The 2007 election is a painful memory in the minds of many Kenyans, more so the family of the over 1,000 killed and 600,000 displaced persons.

It was a time when we were no longer one cohesive unit but a patchwork of ethnically and politically affiliated groupings.
 The youths have a lot of frustrations pent up, the following are just some of the frustrations we have.

Unemployment
There are a number of things to be worried about, the high rate of unemployment coupled with the intense layoffs that Companies have been undertaking in the past few months. "How can I, be excited about joining the job market when so many are being shown the door?" a practicing advocate.

2017 elections

As indicated earlier, this is an election year and the memories of the 2007/8 post-election violence is still fresh. It was a time when a neighbour turned against a neighbour and a friend turned against a friend.

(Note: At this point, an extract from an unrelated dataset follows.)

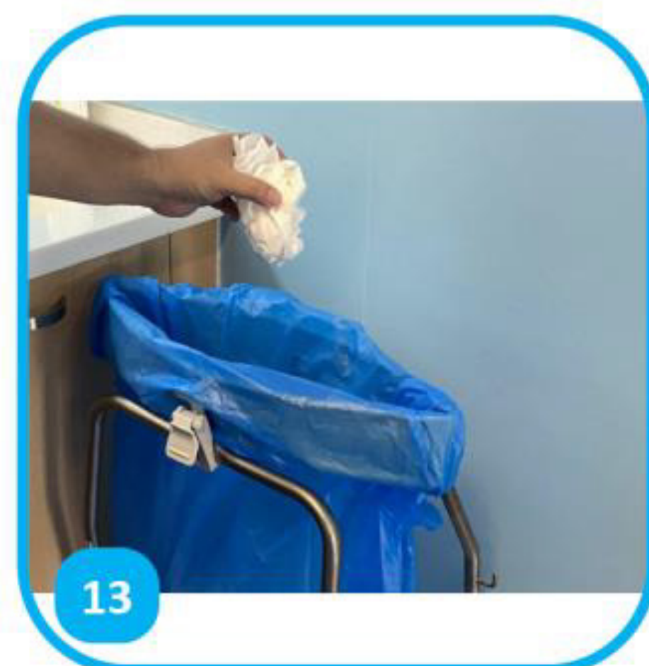
13 Jeter l'essuie-mains dans une poubelle sans contact

Many believe that is where the rain started to beat us, and as a country, things went downhill.

The economy started deteriorating, tourists stayed away, low exports, high debt and an expanding wage bill thanks to the large coalition government.

My plea to the youth who form the large section of the population is not to be used by malicious people to fight.

Corruption

Now, this is a hot button issue. I believe we are all aware that corruption exists, it’s ills and the need to have real commitment to fight corruption.

First of all, I am alive to the fact that corruption exists in virtually all countries. The question is the degree.In Kenya, corruption is a huge problem.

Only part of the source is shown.